_Exercise details_.
Below are the records; give again exactly the lines from the one containing "苔むした石レンガを作るには、石レンガが 1 つ必要です。" through the one containing "Short dress in", leaving out pictures.

═══ Task inputs ═══

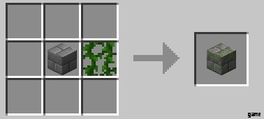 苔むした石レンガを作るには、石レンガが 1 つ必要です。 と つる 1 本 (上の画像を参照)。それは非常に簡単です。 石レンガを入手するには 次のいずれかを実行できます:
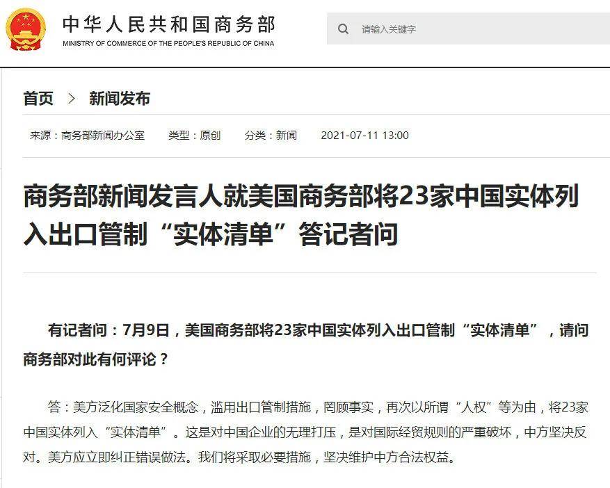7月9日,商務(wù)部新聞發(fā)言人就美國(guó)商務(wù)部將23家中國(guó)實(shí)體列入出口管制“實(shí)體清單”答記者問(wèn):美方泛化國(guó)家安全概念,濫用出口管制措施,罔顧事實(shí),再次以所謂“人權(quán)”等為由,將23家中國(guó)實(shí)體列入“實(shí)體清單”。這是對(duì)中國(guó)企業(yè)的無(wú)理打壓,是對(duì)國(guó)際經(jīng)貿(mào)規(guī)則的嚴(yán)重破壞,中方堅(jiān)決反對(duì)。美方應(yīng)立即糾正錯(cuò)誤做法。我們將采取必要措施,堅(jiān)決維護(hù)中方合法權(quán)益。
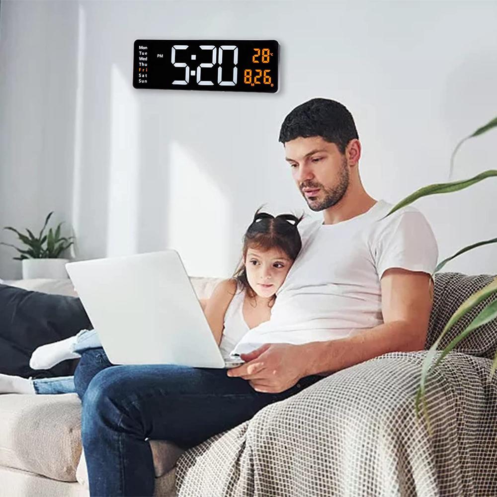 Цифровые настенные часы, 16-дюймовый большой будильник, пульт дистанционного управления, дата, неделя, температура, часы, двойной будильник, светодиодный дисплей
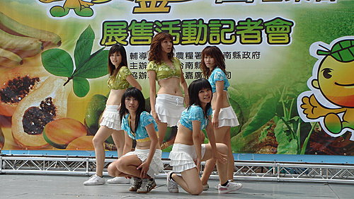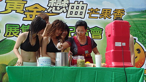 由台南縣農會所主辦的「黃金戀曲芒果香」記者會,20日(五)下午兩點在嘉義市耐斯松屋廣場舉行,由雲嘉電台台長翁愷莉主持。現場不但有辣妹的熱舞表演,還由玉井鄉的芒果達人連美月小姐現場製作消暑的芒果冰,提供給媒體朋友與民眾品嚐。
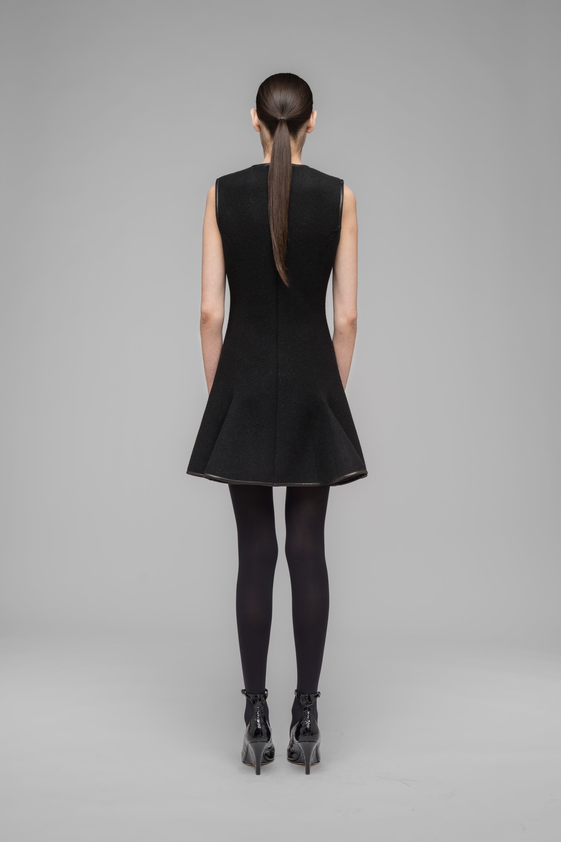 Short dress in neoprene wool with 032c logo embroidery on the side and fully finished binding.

═══
═══ Task inputs ═══

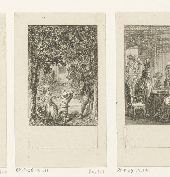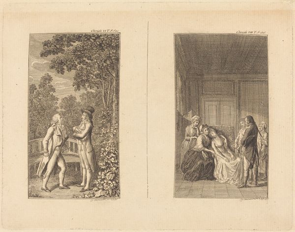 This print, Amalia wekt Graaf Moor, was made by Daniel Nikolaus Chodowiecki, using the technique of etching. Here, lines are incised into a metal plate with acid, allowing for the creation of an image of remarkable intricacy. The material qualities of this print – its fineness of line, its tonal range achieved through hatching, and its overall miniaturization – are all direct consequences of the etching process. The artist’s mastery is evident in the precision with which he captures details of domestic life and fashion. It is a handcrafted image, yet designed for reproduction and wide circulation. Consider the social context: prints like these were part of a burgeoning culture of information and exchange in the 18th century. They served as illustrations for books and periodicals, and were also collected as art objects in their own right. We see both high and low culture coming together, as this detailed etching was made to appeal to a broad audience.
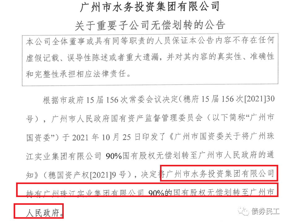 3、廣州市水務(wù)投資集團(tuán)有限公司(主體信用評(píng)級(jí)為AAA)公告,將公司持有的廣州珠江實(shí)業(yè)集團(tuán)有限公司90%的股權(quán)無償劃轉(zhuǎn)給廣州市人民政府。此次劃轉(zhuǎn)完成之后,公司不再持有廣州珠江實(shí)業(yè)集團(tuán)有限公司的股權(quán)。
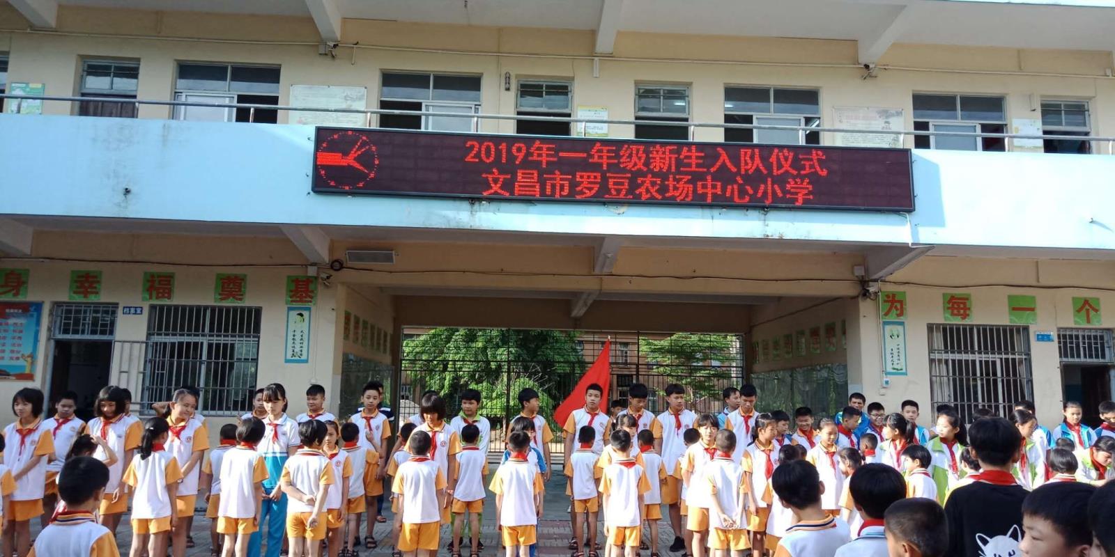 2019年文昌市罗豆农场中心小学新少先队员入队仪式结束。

═══
═══ Task inputs ═══

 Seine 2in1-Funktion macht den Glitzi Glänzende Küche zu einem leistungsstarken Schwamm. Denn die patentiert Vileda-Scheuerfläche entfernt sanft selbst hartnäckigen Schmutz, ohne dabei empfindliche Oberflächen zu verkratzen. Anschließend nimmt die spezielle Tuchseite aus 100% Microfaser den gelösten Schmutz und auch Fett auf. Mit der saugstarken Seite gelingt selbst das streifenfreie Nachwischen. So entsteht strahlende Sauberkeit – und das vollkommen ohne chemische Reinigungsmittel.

═══

_Answer section_.
 苔むした石レンガを作るには、石レンガが 1 つ必要です。 と つる 1 本 (上の画像を参照)。それは非常に簡単です。 石レンガを入手するには 次のいずれかを実行できます:
7月9日,商務(wù)部新聞發(fā)言人就美國(guó)商務(wù)部將23家中國(guó)實(shí)體列入出口管制“實(shí)體清單”答記者問(wèn):美方泛化國(guó)家安全概念,濫用出口管制措施,罔顧事實(shí),再次以所謂“人權(quán)”等為由,將23家中國(guó)實(shí)體列入“實(shí)體清單”。這是對(duì)中國(guó)企業(yè)的無(wú)理打壓,是對(duì)國(guó)際經(jīng)貿(mào)規(guī)則的嚴(yán)重破壞,中方堅(jiān)決反對(duì)。美方應(yīng)立即糾正錯(cuò)誤做法。我們將采取必要措施,堅(jiān)決維護(hù)中方合法權(quán)益。
 Цифровые настенные часы, 16-дюймовый большой будильник, пульт дистанционного управления, дата, неделя, температура, часы, двойной будильник, светодиодный дисплей
 由台南縣農會所主辦的「黃金戀曲芒果香」記者會,20日(五)下午兩點在嘉義市耐斯松屋廣場舉行,由雲嘉電台台長翁愷莉主持。現場不但有辣妹的熱舞表演,還由玉井鄉的芒果達人連美月小姐現場製作消暑的芒果冰,提供給媒體朋友與民眾品嚐。
 Short dress in neoprene wool with 032c logo embroidery on the side and fully finished binding.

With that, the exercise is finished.